5. Use computational deconvolution tools (e.g., Kassandra) to estimate the cellular composition of predicted TLS regions. Validate that these regions are enriched in B-cells, T-cells, and dendritic cells, confirming their biological identity as TLS.

Requirements for the team
  1. Proficiency in Python or R.
  2. Experience with bioinformatics analysis packages, specifically Scanpy for Python or Seurat for R.
  3. Familiarity with machine learning libraries (e.g., scikit-learn, PyTorch), data visualization tools (matplotlib, ggplot2), and version control (Git/GitHub).
  4. A foundational understanding of cancer biology, immunology, and genomics. Prior experience analyzing transcriptomics data (scRNA-seq, bulk RNA-seq) is a strong asset.

13. REPtile — Taming LLMs to Serve Scientific Reproducibility

Nadja Lukashevich | BostonGene
The reproducibility crisis in biomedical research undermines the reliability of evidence used for screening, treatment, and public health policy. Non-replicable findings waste resources, misguide interventions, and erode public trust. This issue becomes even more pressing with the rising use of large language models (LLMs) — both for generating results and writing research texts. That’s why we’re proposing REPtile — to tame the LLM and make it serve reproducibility, not destroy it.

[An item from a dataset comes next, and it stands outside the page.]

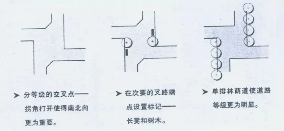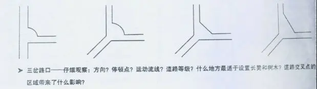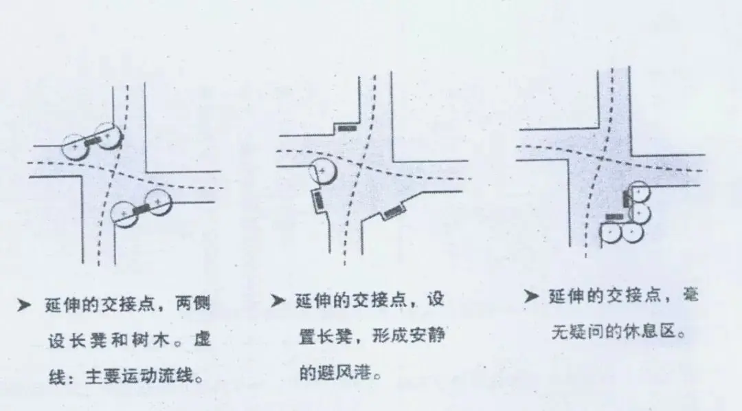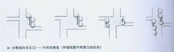 道路連接點(diǎn)與公路連接點(diǎn)不同,需要一些停頓區(qū)域。使用者在此稍作停頓,觀察選擇自己的運(yùn)動方向。因此,連接點(diǎn)需要在交叉路口加寬,有足夠的空間。但是僅僅加寬道路并不會自動產(chǎn)生一個(gè)宜人的道路連接點(diǎn)。

The goal is to build a tool that takes a public-health article (or a fragment of it) and returns a probability that the described key result can be independently reproduced.

The core model will be based on a fine-tuned scientific language model (e.g., SciBERT or PubMedBERT), trained on open reproducibility datasets such as the DARPA SCORE market scores.

The result will be a proof-of-concept tool that helps editors, funders, and researchers quickly flag fragile evidence — and, in the long term, could be used to strengthen the scientific basis for health decisions and funding allocation at the governmental level.

Goals are as follows:
1. Build a reproducibility-scoring model that outperforms the out-of-the-box baseline.
2. Estimate the model on held-out manually curated set.
3. Provide model interpretation, so domain experts can understand which parts of the text drive the predictions.
4. Document the full pipeline so it can be scaled or reused once more labeled data becomes available.

Tasks:
1. Data preparation and exploratory data analysis (EDA):
- "Know Your Data" is the core principle of this project. The team is expected to perform EDA on all provided datasets.
- Preprocess and tokenize article fragments if needed.
- Perform a clear train–test split strategy to model a realistic out-of-distribution scenario for the test and validation sets, and avoid leakage.

2. Model fine-tuning
Fine-tune a pre-trained scientific LLM (e.g., SciBERT) to predict reproducibility scores based on claim-level annotations. For lower-resource setups, the lower layers can be frozen, training only the top transformer blocks and a regression head.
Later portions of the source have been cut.